Problem description: For the data below, give again exactly the lines from the one containing "2025 82X20 EQUIPMENT" through the one containing "1155 - مَا تقرن", both ends included, and no others.

Recorded data:

=== Section Start ===

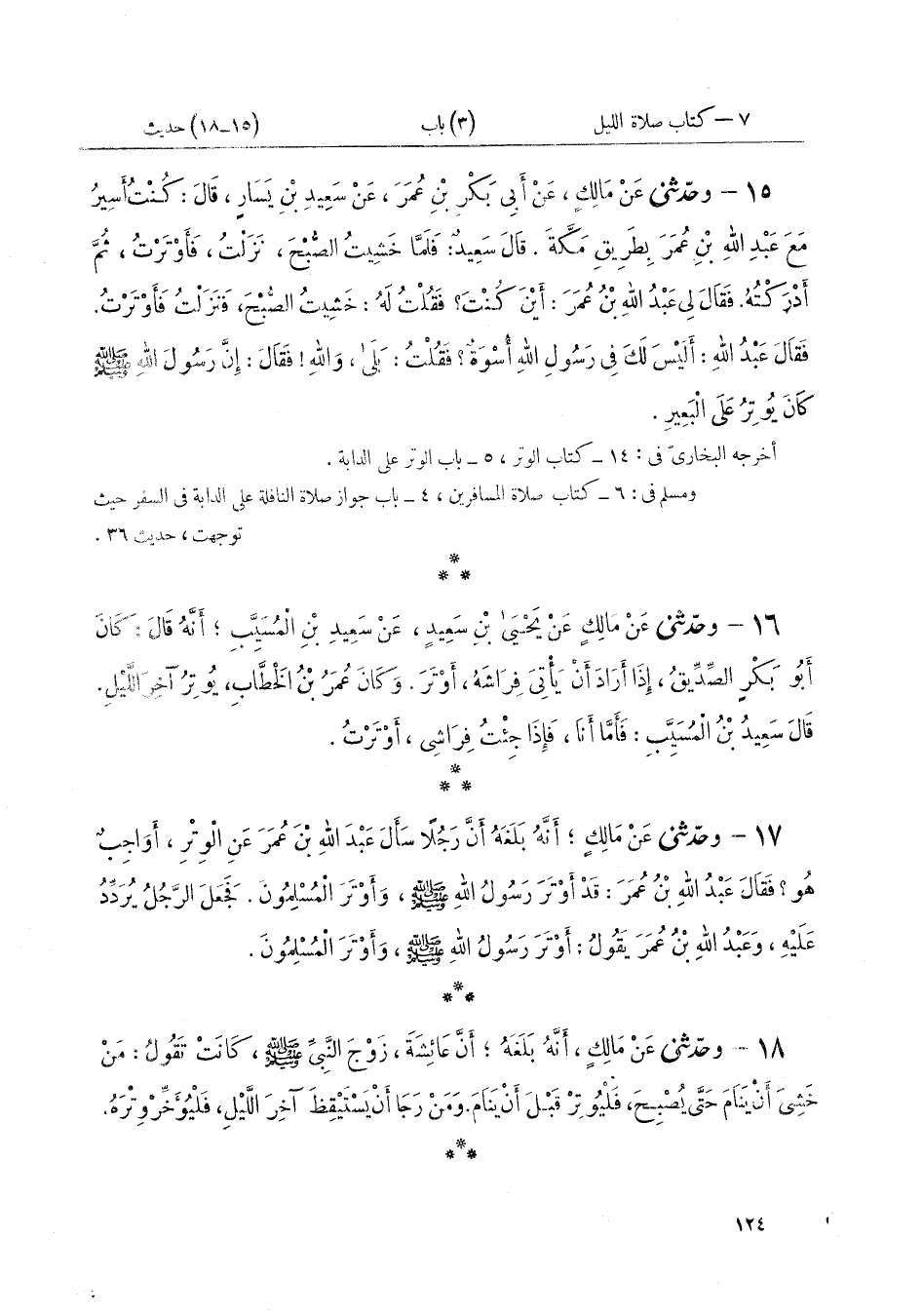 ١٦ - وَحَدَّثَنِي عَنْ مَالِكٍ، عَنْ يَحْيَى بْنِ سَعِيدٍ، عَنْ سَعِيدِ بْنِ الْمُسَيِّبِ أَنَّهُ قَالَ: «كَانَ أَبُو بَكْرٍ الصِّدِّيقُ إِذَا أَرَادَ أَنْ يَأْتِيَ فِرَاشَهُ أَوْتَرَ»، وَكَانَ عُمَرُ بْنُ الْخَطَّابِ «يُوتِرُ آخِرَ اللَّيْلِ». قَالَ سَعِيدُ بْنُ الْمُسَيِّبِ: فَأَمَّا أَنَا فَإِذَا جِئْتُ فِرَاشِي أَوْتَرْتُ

=== Section End ===
=== Section Start ===

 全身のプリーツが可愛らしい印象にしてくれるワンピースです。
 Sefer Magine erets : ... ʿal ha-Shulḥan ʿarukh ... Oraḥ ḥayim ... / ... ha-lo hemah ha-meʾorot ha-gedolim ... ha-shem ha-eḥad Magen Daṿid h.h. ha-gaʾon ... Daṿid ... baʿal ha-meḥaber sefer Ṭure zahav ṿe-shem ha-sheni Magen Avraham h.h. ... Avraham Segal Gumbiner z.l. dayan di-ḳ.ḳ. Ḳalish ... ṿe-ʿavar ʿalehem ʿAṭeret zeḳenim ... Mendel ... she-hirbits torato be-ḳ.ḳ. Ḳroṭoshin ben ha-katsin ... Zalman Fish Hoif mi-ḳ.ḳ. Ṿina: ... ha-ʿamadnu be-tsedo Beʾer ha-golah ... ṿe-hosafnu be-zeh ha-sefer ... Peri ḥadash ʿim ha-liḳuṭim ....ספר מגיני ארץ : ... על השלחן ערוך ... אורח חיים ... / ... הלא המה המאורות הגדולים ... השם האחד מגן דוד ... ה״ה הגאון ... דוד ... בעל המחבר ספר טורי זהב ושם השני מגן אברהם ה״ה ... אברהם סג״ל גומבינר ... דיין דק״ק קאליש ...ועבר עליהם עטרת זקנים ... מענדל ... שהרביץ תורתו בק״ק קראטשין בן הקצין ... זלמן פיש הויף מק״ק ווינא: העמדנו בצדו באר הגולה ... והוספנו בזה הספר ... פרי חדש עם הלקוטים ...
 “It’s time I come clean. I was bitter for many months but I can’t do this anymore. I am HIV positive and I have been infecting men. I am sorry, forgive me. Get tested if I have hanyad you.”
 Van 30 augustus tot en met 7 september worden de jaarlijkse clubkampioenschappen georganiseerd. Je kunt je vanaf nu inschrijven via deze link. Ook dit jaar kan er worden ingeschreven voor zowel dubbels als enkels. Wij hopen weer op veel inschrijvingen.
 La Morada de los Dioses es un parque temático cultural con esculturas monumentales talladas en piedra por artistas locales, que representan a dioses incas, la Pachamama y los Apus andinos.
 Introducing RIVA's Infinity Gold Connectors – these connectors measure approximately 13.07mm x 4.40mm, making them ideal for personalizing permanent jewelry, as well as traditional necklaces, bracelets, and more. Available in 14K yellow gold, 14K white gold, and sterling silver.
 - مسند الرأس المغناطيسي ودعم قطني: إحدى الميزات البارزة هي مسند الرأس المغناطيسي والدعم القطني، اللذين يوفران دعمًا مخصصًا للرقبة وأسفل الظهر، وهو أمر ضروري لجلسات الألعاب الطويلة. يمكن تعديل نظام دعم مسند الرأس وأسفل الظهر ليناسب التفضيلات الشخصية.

=== Section End ===
=== Section Start ===

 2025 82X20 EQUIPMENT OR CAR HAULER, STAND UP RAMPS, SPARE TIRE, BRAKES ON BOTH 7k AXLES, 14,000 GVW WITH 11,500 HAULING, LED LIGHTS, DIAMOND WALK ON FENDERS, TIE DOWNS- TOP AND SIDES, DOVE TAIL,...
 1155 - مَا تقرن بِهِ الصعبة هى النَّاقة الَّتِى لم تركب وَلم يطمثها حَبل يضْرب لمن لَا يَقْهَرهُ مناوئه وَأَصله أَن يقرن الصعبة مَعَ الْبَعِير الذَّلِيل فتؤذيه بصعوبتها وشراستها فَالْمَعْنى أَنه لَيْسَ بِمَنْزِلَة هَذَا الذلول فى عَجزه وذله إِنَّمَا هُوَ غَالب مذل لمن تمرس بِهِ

=== Section End ===

Result below:
 2025 82X20 EQUIPMENT OR CAR HAULER, STAND UP RAMPS, SPARE TIRE, BRAKES ON BOTH 7k AXLES, 14,000 GVW WITH 11,500 HAULING, LED LIGHTS, DIAMOND WALK ON FENDERS, TIE DOWNS- TOP AND SIDES, DOVE TAIL,...
 1155 - مَا تقرن بِهِ الصعبة هى النَّاقة الَّتِى لم تركب وَلم يطمثها حَبل يضْرب لمن لَا يَقْهَرهُ مناوئه وَأَصله أَن يقرن الصعبة مَعَ الْبَعِير الذَّلِيل فتؤذيه بصعوبتها وشراستها فَالْمَعْنى أَنه لَيْسَ بِمَنْزِلَة هَذَا الذلول فى عَجزه وذله إِنَّمَا هُوَ غَالب مذل لمن تمرس بِهِ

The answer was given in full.